Così, se ad un lato vi è la possibilità che sia la legge a delimitare nuovi ambiti di responsabilità d’impresa anche in relazione all’obbligazione climatica, dall’altro lato vi è comunque il presidio di tutela figurato, in termini generali, dalle norme sanzionatorie. Proprio in quest’ottica si conferma l’attualità della decisione fornita dalla Corte Costituzionale nel noto caso Ilva, rammentando che “Spetta certamente al potere politico amministrativo stabilire, in conformità ai principi costituzionali (art. 41, primo, secondo e terzo comma) regime, limiti e vincoli relativi ad attività di per sé non solo lecite ma socialmente utili e necessarie, ancorché genericamente “pericolose”, come la produzione industriale, in particolare la produzione della grande industria dell’acciaio, con i suoi corollari di occupazione e di sviluppo dell’economia nazionale. D’altra parte, spetta certamente al potere giudiziario perseguire e reprimere le condotte violatrici di norme e lesive di diritti delle persone, con i corollari dei poteri cautelari e preventivi attribuiti all’autorità giudiziaria”[32].
Ciò comporta che l’attività di impresa sia guidata verso le necessità di protezione dell’ambiente, nell’ottica proprio del principio di sviluppo sostenibile, ma entro parametri certi compatibili con l’autonomia imprenditoriale e con il sistema economico costituzionale del c.d. liberismo condizionato[33].
Diverso, invece, l’impatto delle norme costituzionali sulle pubbliche amministrazioni, che, in quanto istituzioni che danno corpo allo Stato, subiscono la precettività del dato costituzionale in maniera certamente più ampia e sono tenute ad effettuare un continuo bilanciamento tra iniziativa economica (soggetto a autorizzazioni o controlli), utilità sociale e interessi ambientali[34].

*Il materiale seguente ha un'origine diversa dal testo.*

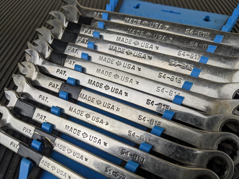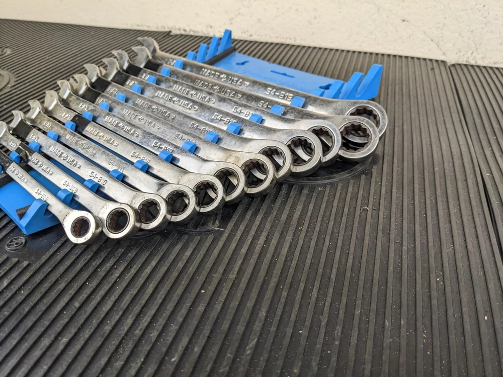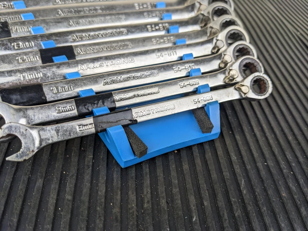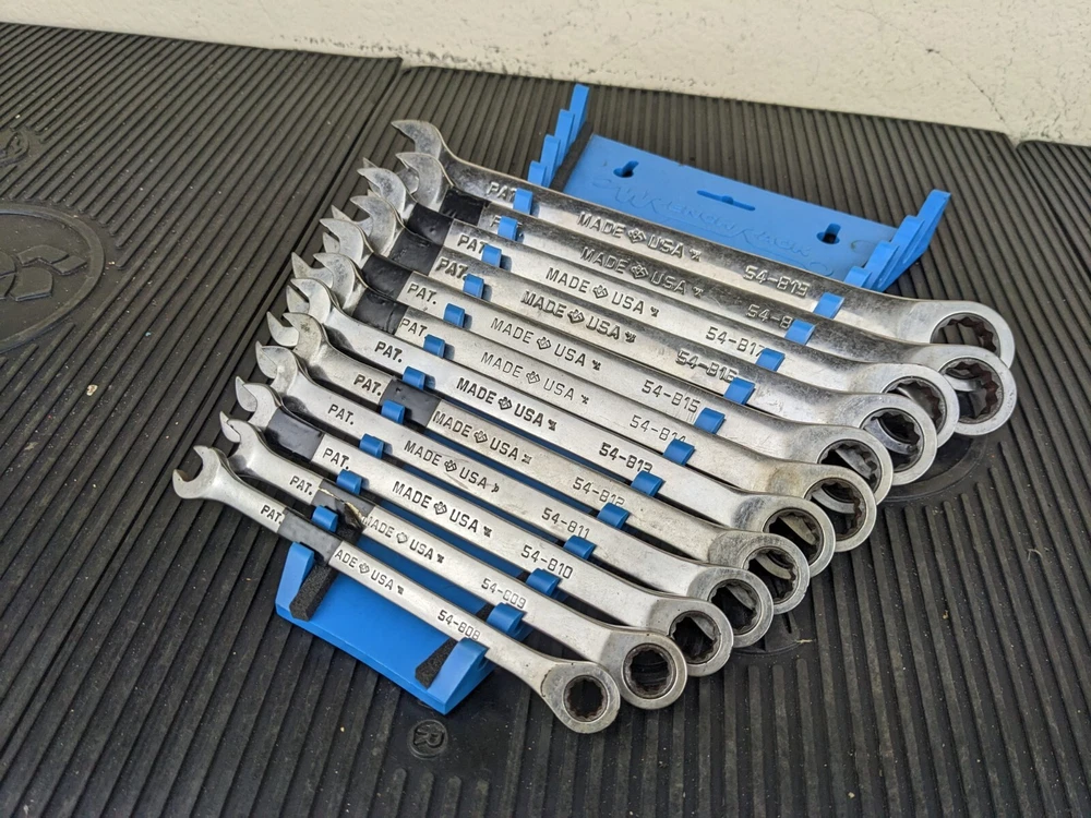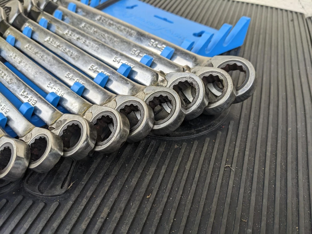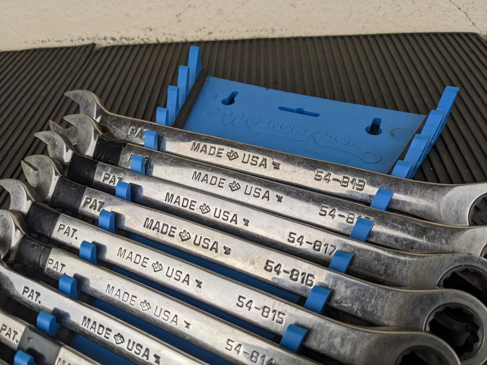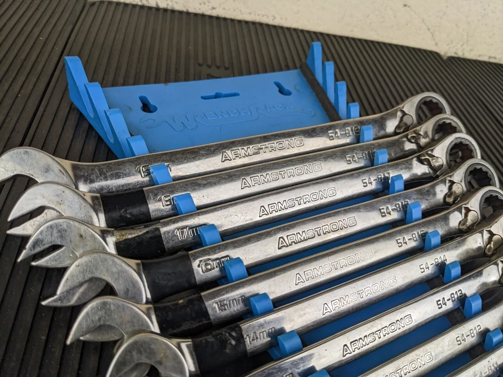 Armstrong Tools USA 12pc Metric Ratcheting Combination Wrench Set 8-19mm Blue wrench rack not included. PLEASE NOTE: This set is a little rough, the 8mm 9mm and 15mm are not ratcheting properly. Additionally, the 10mm and 14mm are difficult to switch between forward and reverse.
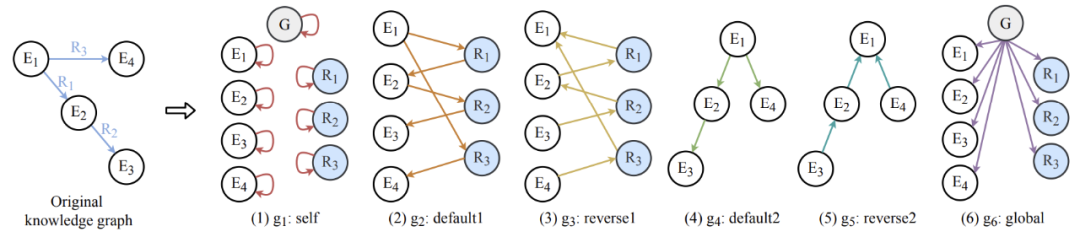 在 Levi 图中,我们不能很好的区分哪些点是原始图中的实体或关系,并且实体间的直接联系在 Levi 图中被忽略。另外,不同类型的边被融合在 Levi 图中一起学习,不能很好地区分不同类型边的不同重要性。
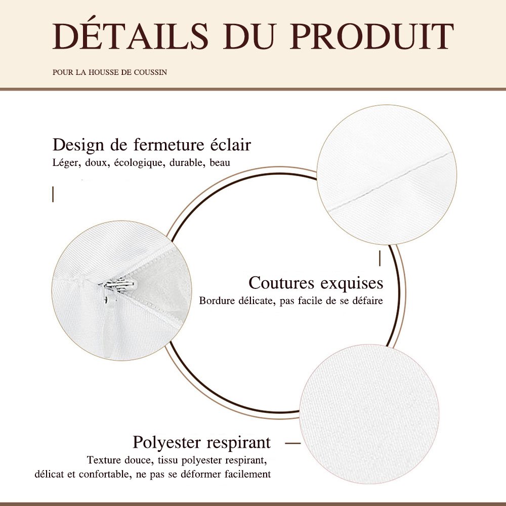 La housse de l'oreiller est fabriquée en polyester confortable et doux au toucher. Sa texture douce améliore le confort général et apporte une touche apaisante lorsque vous vous reposez. La fermeture à glissière cachée garantit une ouverture et une fermeture en douceur. L'insertion ou le retrait rapide et facile de l'oreiller vous permet de changer ou de nettoyer la housse.
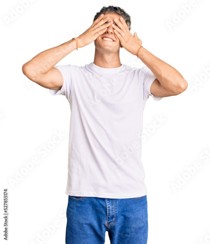 Young handsome man wearing casual white tshirt covering eyes with hands smiling cheerful and funny. blind concept.
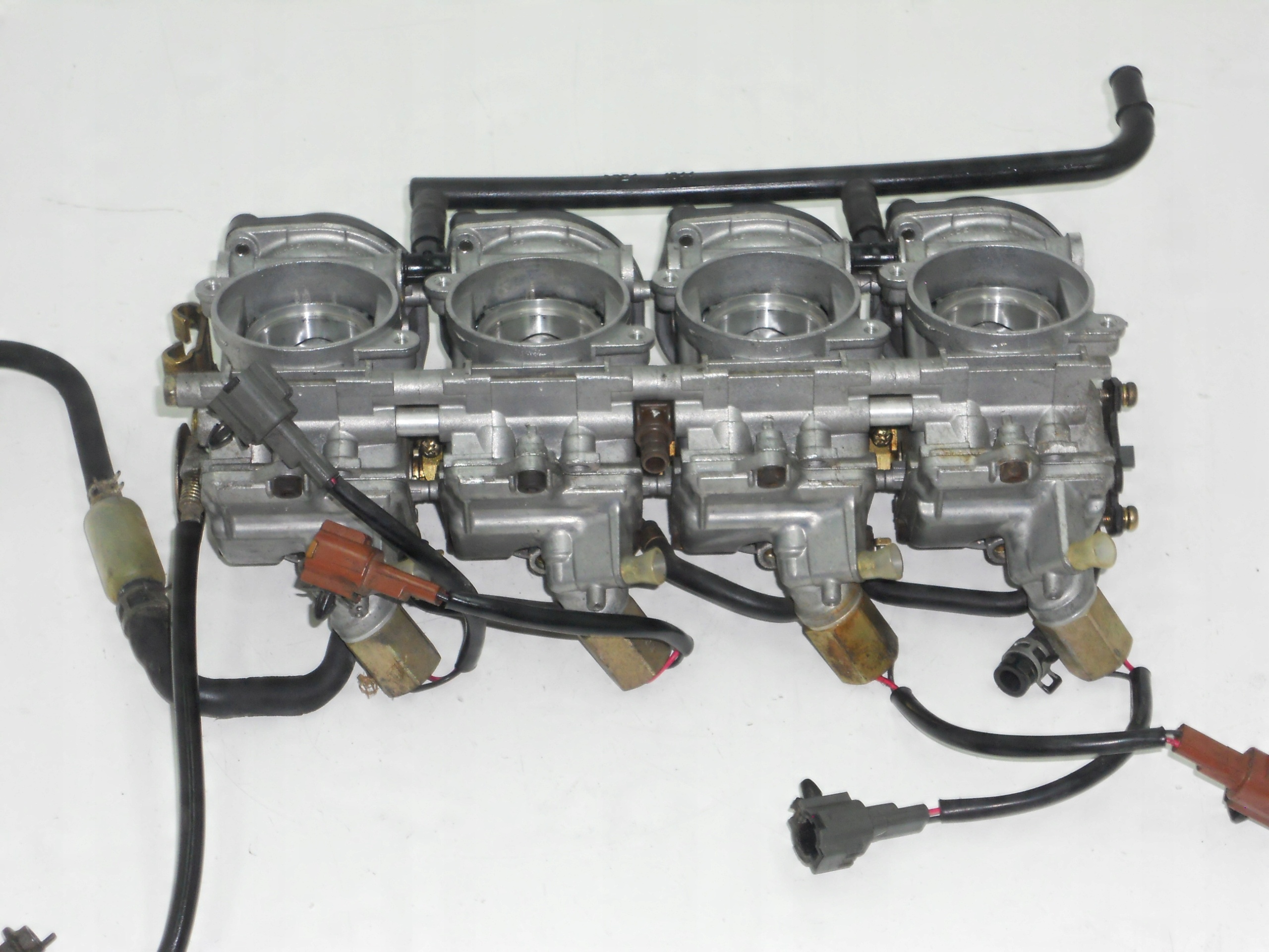 kawasaki zx6r (00-02) Карбюратор карбюраторов. Оригинальная и полностью функциональная часть, все крепежные элементы. Перед демонтажем мотоцикл был запущен, но мы рекомендуем регулировать карбюраторы после установки. Очень хорошее состояние, Хорошая цена, я рекомендую это!
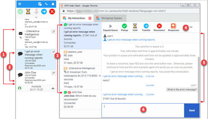 Active and expired chats display in one chat window as separate tabs. A red number indicates unread messages on active chats. Click a tab to make that chat the active chat. The chat window syncs with the interaction view in the softphone. |
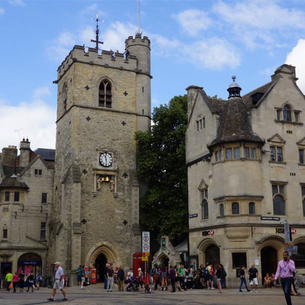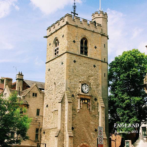 Carfax是十字路口的意思,这里是牛津的市中心,也是圣马丁教堂目前仅存的遗迹。塔东面的墙上有面大钟,每15分钟敲响一次。
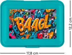Scatola per merenda con un motivo graffiti accattivante e il logo BAAGL, che porta uno stile unico.
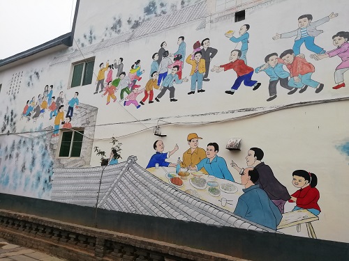 往村史馆的墙上看去,有一张集体合影。“是全村人在一起拍的全村福,真的好有特色,这张照片让我感受到了浓郁的乡土情怀。”实践队员边参观边感叹。“绽放的窑洞吐露芬芳,谁见过土窑洞如此出众。”以河南农村戏曲为主旋律的歌曲响起,吸引了实践队员的注意,大家循着歌声跑出去,看见有人在跳广场舞。上前一问,了解到这首配乐是他们的村歌《绽放的窑洞》,“还有村歌呢,真的是很新奇”实践队员笑着说道。“我们的村歌还在上全民K歌发布了,每次我们聚会,都会点我们的村歌来唱”,跳广场舞的大妈的脸上洋溢着满满的骄傲和自豪感。继续往前走,一面大文化墙映入眼帘,文化墙为我们呈现出一幅敦亲睦邻、融洽温馨、大和同乐的景象。“老吾老以及人之老,幼吾幼以及人之幼”看着文化墙,实践队员脱口而出这句话。处在这样一个村子里,让大家实实在在地沐浴到了时代文明新风。

In sostanza, il nuovo art. 41 Cost. enuclea una vera e propria funzione pubblica “traducibile nell’individuazione del limite tollerabile al pregiudizio prodotto dall’iniziativa nei confronti degli elementi altri rispetto all’operazione economica”[35]. Ma, appunto, di funzione pubblica pur sempre si tratta, perché è nella sede delle valutazioni istituzionali che può compiersi il bilanciamento di cui si è detto, stabilendo vincoli e confini all’ “eseguibilità” dell’interesse meramente economico.
E, di fatti, anche la giurisprudenza amministrativa che si appiglia al principio di sviluppo sostenibile, richiamando pure l’interesse delle future generazioni[36], per giustificare decisioni amministrative di rilevante impatto sull’attività economica e comunque limitative dei diritti proprietari, lo fa esaminando la ragionevolezza di provvedimenti pubblici controversi, ma mai estendendo le proprie argomentazioni fino a immaginare un auto-limite che gli operatori economici dovrebbero imporsi per dirigere le proprie azioni nel senso indicato, in astratto, nell’art. 41 Cost., ove ciò non sia recepito in previsioni di legge o provvedimenti amministrativi ad hoc.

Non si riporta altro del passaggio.